Выбрать главу

Это был мир Шекспира.

ГЛАВА 21

Дух времени научит быстроте[137]

Город быстро расширялся. Он притягивал и бедных и богатых, иммигрантов и крестьян. Честолюбивые юные провинциалы пришли в Судебные инны, в то время как дворянство заседало в Королевском суде в Вестминстере. «Лондонские сезоны» дворян и знати начались между 1590 и 1620 годами. Но в Лондоне было и больше нищих, чем во всех остальных частях страны, вместе взятых. Город бурно застраивался и перестраивался, дома для сдачи внаем появлялись на каждом свободном кусочке земли.

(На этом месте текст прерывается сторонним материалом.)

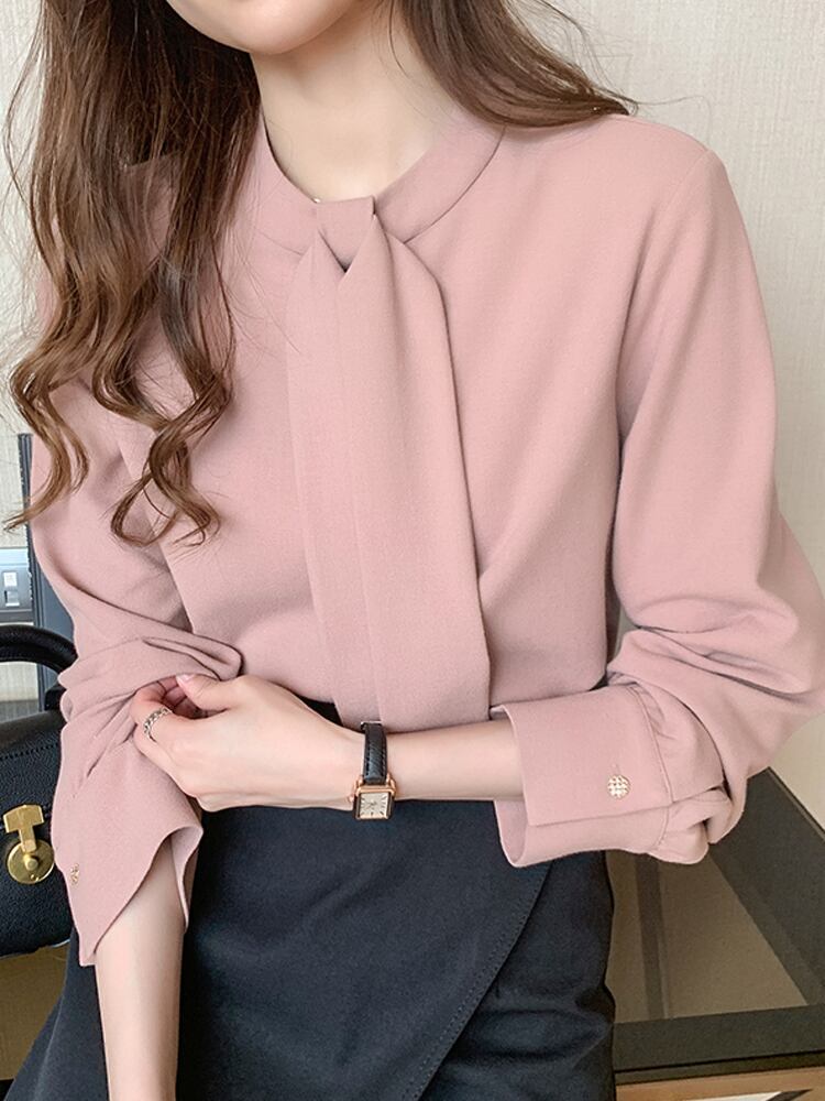 春秋冬、オフィスからカジュアルまで活躍するシフォンブラウス。

Декларации 1580 и 1593 годов пытались сдержать строительство новых зданий, но с таким же успехом можно было остановить морской прибой.

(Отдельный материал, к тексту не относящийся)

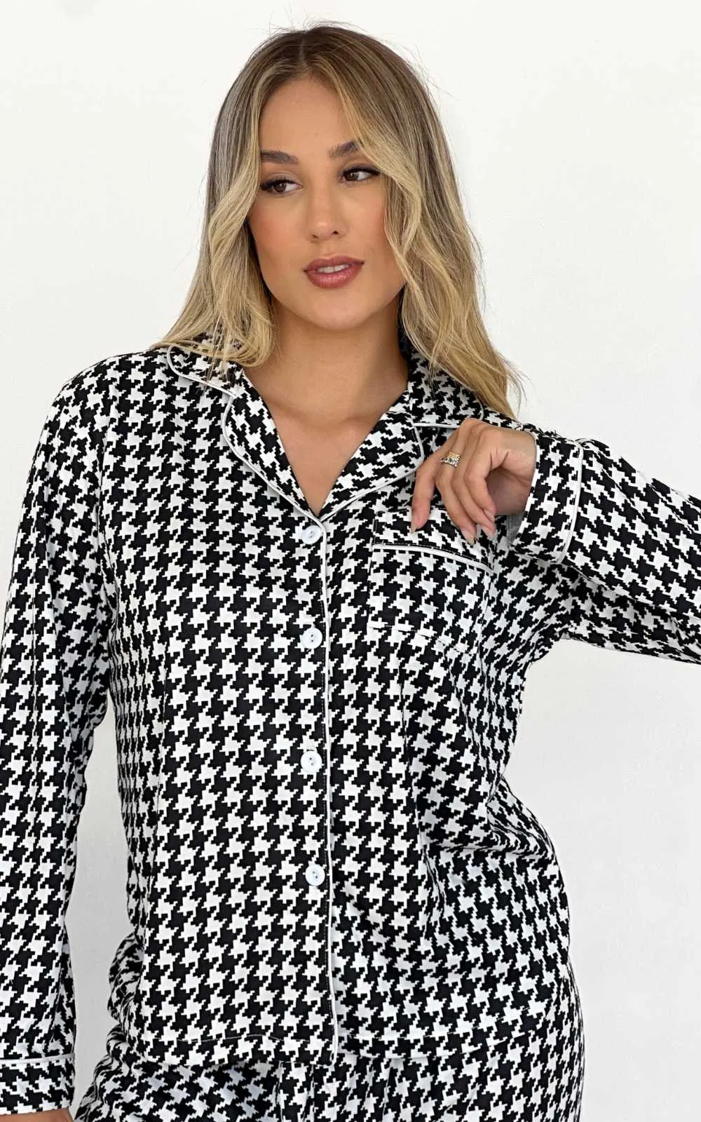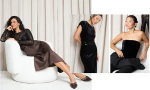 Outra aposta é o Veludo Malha, que combina o brilho sofisticado do veludo com a praticidade da malha. Mais leve e com elasticidade, o tecido não amassa com facilidade e se adapta bem ao inverno local. Entre as sugestões estão blusas de gola alta, vestidos midi, saias, blazers leves e até peças infantis para ocasiões festivas. É uma opção voltada principalmente para o público feminino adulto e para quem produz peças para venda, inclusive nas redes sociais.

Дома и лачуги, сараи и амбары строились уже не только вдоль улиц, но и в садах и внутренних дворах, а имеющиеся дома дробились на все более мелкие жилища. Дома ставились даже на кладбищах. Население, которое в 1520 году насчитывало пятьдесят тысяч человек, к 1660 году увеличилось до двухсот тысяч. Потрясение от новизны, испытанное молодым Шекспиром, было потрясением для великого множества людей, сбившихся в кучу в безбрежном потоке жизни.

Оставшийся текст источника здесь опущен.